AUGUST 2006 ISSUE VOL 6 NO. 8 CALIFORNIA EDITION

Highlights of the 2006 Hard Disk Drive
Capital Equipment Market and Technology Report

In 2004 through 2006 the hard disk drive industry recovered from the slump in the early 2000’s. This recovery in the industry is leading to unprecedented growth in capital equipment spending. Demand for computer applications have been increasing, particularly for notebook computers. Because of the low cost per GB compared to other digital storage technologies hard disk drives are now playing a major role in many
new digital applications, particularly in the consumer electronics industry. As a consequence, hard disk drive demand has reached unprecedented llevels. Total drive shipments grew almost 25% from 2004 to 2005 (305 to 380 million units) and it is expected to grow 16% more in 2006. A sustained unit growth rate of at least 15% for the industry over the next few years appears very likely

At the same time average disk drive pricing has stabilized considerably. HDD prices tumbled in the late 1990’s and early 2000’s due to many periods of excess inventory, intensive price competition between the players, heavy pressure by customers for lower prices plus the ability to make drives of useful capacities with fewer components due to very rapid areal density increases. Since mid-2003 the rampant price
erosion has come to an end and in 2004 and 2005 prices showed remarkable stability. In 2005 in fact the average price of hard disk drives showed a peak in the second quarter leading to overall somewhat higher price prices in 2005 than 2004.

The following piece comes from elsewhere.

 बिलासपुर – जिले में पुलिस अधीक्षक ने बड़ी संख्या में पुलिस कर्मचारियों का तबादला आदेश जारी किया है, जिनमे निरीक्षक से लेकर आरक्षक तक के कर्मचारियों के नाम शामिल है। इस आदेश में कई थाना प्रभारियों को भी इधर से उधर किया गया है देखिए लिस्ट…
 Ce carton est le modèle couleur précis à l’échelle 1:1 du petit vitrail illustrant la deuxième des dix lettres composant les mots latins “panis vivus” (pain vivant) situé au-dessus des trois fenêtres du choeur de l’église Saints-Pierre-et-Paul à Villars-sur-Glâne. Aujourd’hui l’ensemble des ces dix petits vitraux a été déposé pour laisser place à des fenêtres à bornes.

The causes for increased drive price stability overall include significant industry consolidation. With the mergers of Maxtor and Quantum, Hitachi and IBM drive operations and most recently the acquisition of Maxtor by Seagate there are many fewer competitors in the most competitive hard disk drive markets and thus less odds that one competitors will try to gain market share by undercutting the prices of its competitors.

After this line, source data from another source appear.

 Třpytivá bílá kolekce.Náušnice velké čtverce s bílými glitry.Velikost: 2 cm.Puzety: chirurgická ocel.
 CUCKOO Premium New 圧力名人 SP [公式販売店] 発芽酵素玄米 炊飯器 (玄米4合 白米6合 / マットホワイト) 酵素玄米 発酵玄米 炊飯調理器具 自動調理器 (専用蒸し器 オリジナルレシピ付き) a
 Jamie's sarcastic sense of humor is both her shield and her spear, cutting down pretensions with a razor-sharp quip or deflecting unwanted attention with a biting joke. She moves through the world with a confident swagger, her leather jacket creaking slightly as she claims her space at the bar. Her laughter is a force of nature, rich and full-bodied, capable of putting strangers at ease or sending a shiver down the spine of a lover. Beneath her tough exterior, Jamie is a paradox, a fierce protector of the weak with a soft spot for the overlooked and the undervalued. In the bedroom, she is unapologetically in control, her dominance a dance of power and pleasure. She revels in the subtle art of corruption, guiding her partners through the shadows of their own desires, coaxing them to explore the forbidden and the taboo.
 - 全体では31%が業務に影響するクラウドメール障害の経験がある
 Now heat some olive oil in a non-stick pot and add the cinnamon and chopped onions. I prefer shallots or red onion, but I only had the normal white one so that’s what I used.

Another cause of increased price stability is a critical shortage of drive components, especially disks. Shortages of components over the last couple of years limited the industry’s ability to manufacture hard disk drives. Figure 1 shows media sputtering capacity and demand trends from the late 1990’s projected to 2007 including a possible additional constraint on media supply due to yield issues with perpendicular recording media. As a consequence this media shortage may be acting as an external constraint on drive supply and thus help to keep drive inventories within acceptable levels and sustaining more stable HDD ASPs.

         

Technology development in the HDD industry has recovered somewhat from the slow down in 2002 through mid-2004. Starting in Q2 2004 another spurt of technology introductions began which has led to a rapid but intermittent stream of higher areal densities. Plotting the introduction of products with new areal density levels demonstrates the uneven pace of new technology introduction. Both public technology demonstrations and new product introductions with higher areal densities tend to occur over a few quarters and then no new areal density introductions occur for a few quarters until the new technologies have matured.

Capital equipment spending for the hard disk drive industry increased 39% in 2005 from 2004 with a further increase of 29% expected in 2006 over 2005. Table 1 below shows spending for capital equipment in 2005 and 2010 as well as the ratio of capital spending to expected HDD company revenue.

In 2005:

  • 73% of equipment capital equipment spending for production process equipment, 19% for production test and 8% for metrology (see Figure 2).
  • 38 % of equipment capital spending was for head and wafer equipment, 33% for media and substrate equipment and 29% on drive equipment (see Figure 3).

Major factors driving hard disk drive equipment spending
from 2006 through 2010 are:

  • Annual drive volumes increasing 100% between 2005 and 2010
  • Shortages in critical new technology components
  • Form factors ratio changes: 2.5-inch and smaller HDDs will dominate by 2010
  • HDD and component companies have more cash to invest in equipment due to higher drive demand and stable drive prices
  • New HDD applications require new manufacturing capital equipment and process changes
  • Transition to perpendicular recording making much older equipment obsolete
  • Lower flying heights increasing metrology requirements as well as tightening of head and disk specifications
  • By 2009 and 2010, to continue areal density increases the industry must introduce new technologies such as HAMR, discrete track media or patterned media


The report includes in-depth analysis of capital spending trends, technical and market drivers for capital spending, and a breakdown of equipment spending categories and products.